I, like, the rest of the informed citizenry, have been greatly distressed about the economic news as of late. It's so dire and bleak. It seems as though a huge black hole has opened up and all these solid American companies (or companies we thought were solid and would be around forever, like Ford), are hurtling into it . . . that's when those companies aren't being thrown lifelines worth trillions of dollars in taxpayer money with no guarantee that the money will stave off further disaster. (The New York Times breaks down the sordid amounts here.)
Even the normally optimistic Brian Williams is so down in the dumps these days that at the end of his NBC Nightly News broadcast last night, he put out a call for viewers to send in feel good stories about folks who are doing good things for others so that he could report on something positive for a change.
Yes, it's gotten that bad.
Columns like Maureen Dowd's yesterday, detailing the obscene pork (8,000+ items including funds for "pig odor research," "catfish genetics research" and a tattoo removal program for gang members) in the proposed federal budget -- pork which Senator Obama said he'd eliminate when he was campaigning for president, but now that he's the Commander in Chief, he and his people are saying that the pork in this proposed budget is President Bush's fault, not his -- just make things feel hopeless.

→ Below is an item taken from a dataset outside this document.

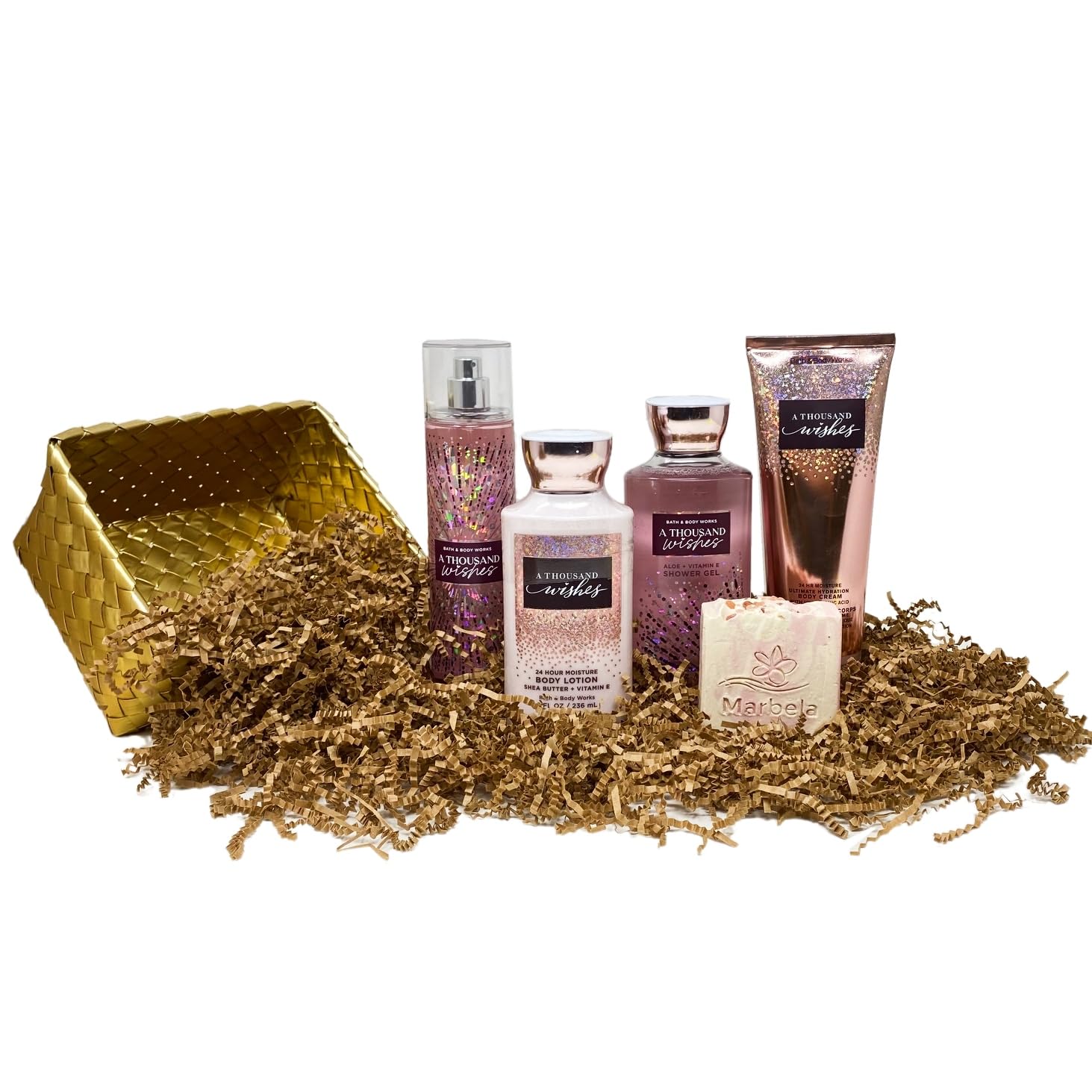 Bath & Body Works A Thousand Wishes Gold Woven Basket 4 Piece Gift Set - Fragrance Mist - Body Cream - Shower Gel - Body Lotion - with a Himalayan Salts Springs Bar Soap - Full Size

Then I saw Jon Stewart. Thank God for Jon Stewart. I don't normally tune into The Daily Show, despite the constant pleadings of my friend Gayle who's a major Stewart fan. I usually watch local news at 11 p.m. and then go to bed. But I digress . . . Jon Stewart was supposed to have as a guest the now infamous CNBC analyst Rick Santelli, he of the much-ballyhooed rant against the Obama administration's housing bailout proposal and how it would reward bad behavior and help people who bought more house than they could afford, people who Santelli called "losers" who made bad decisions.
But Santelli canceled his Daily Show appearance. And I'm so glad he did.
What Stewart & Co. aired instead was a damningly hysterical and tragic indictment of how business journalists, specifically from CNBC, blew the coverage of this economic crisis, how they cheered on large businesses -- which are now receiving mucho bailout bucks -- and that the CNBC staff are no better than the "losers" who made bad home loan decisions. (Video link here.)